Methods: A detailed literature search was carried out for related research publications. Analyses of pooled data were performed. Odds ratio (OR) and hazard ratio (HR) were calculated and summarized, respectively.
Results: Final analysis of 1,172 NSCLC patients from 15 eligible studies was performed. T-cadherin hypermethylation was observed to be significantly higher in NSCLC than in normal lung tissue, based on the pooled OR from nine studies including 532 NSCLC and 372 normal lung tissue samples (OR=8.19, 95% confidence interval [CI]=5.41–12.39, P<0.00001).
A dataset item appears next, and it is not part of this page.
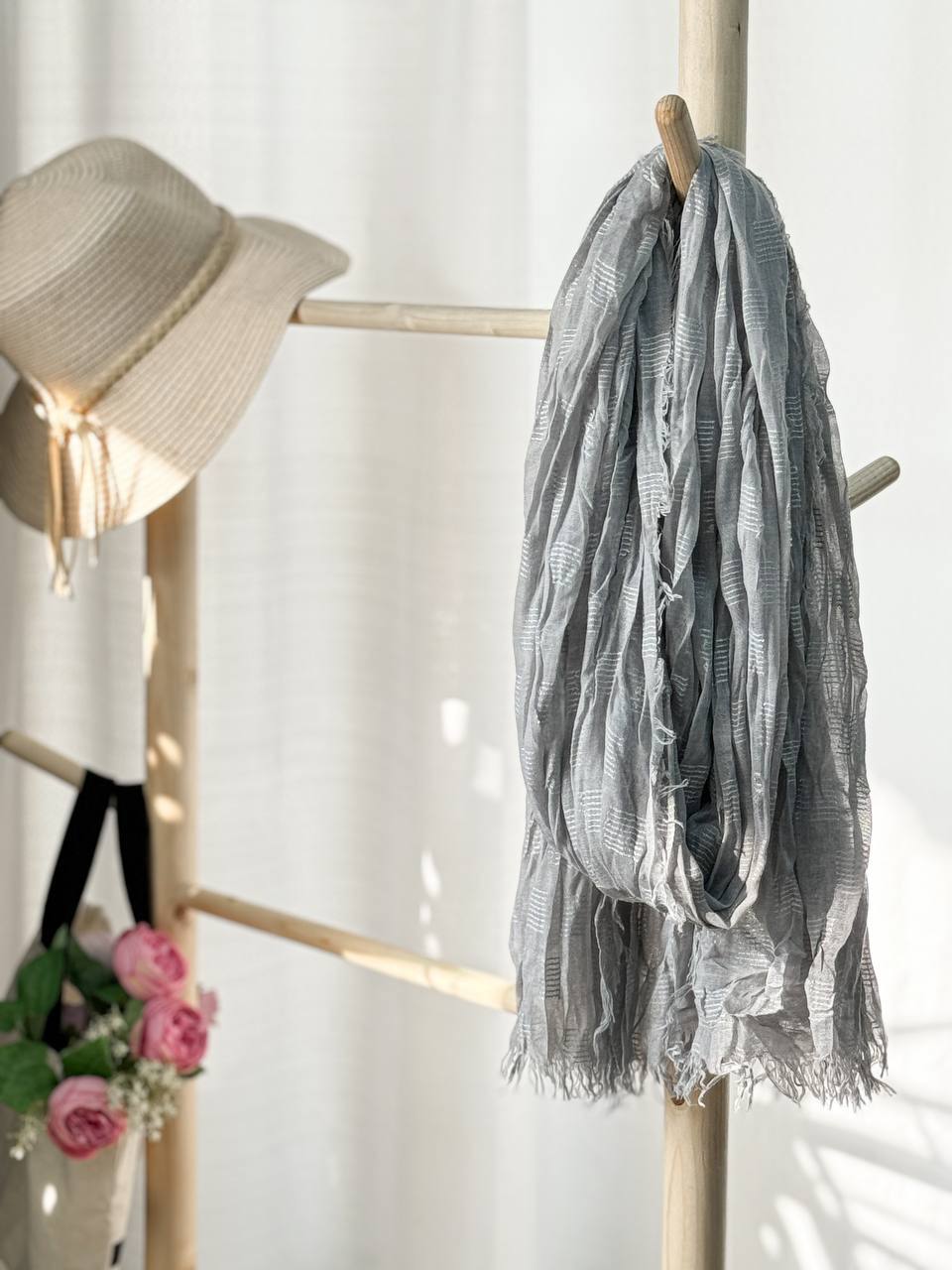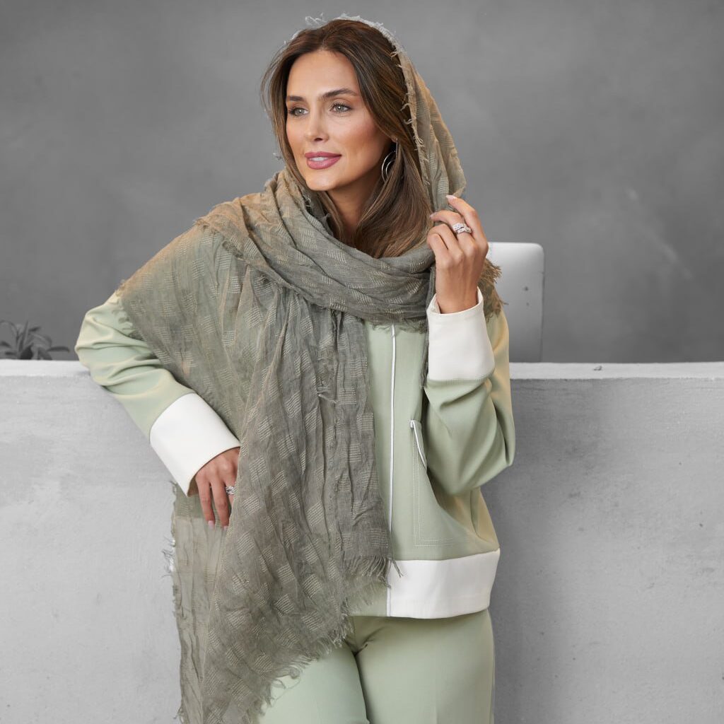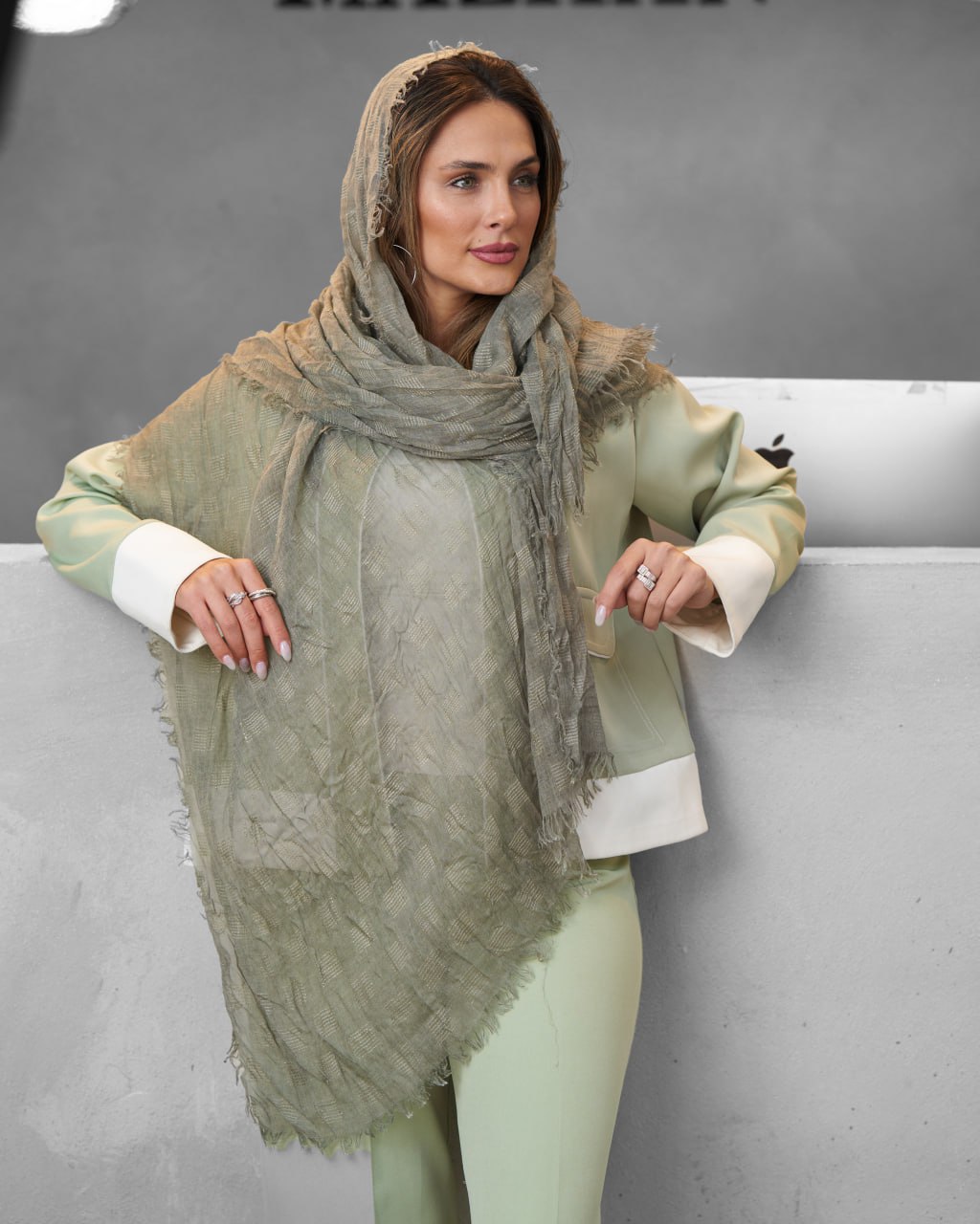 این شال نخی، دورریش و دارای خط‌های ریزی است که طرح مربع بوجود آوردند.

T-cadherin hypermethylation may also be associated with pathological types. The pooled OR was obtained from four studies including 111patients with squamous cell carcinoma and 106 with adenocarcinoma (OR=0.35, 95% CI=0.19–0.66, P=0.001), which indicated that T-cadherin hypermethylation plays a more important role in the pathogenesis of adenocarcinoma. We did not find that T-cadherin hypermethylation was correlated with the sex or smoking status, clinical stages, or epidermal growth factor receptor (EGFR) mutation status. However, T-cadherin hypermethylation was found to be significantly higher in poorly differentiated NSCLC than in moderately and highly differentiated NSCLC, and NSCLC patients with T-cadherin hypermethylation had a lower survival rate than those without T-cadherin hypermethylation.
Conclusion: The results of this meta-analysis suggest that T-cadherin hypermethylation is associated with an increased risk and worse survival in NSCLC. T-cadherin hypermethylation, which induces the inactivation of T-cadherin gene, plays an important role in the carcinogenesis, cancer progression, as well as clinical outcome.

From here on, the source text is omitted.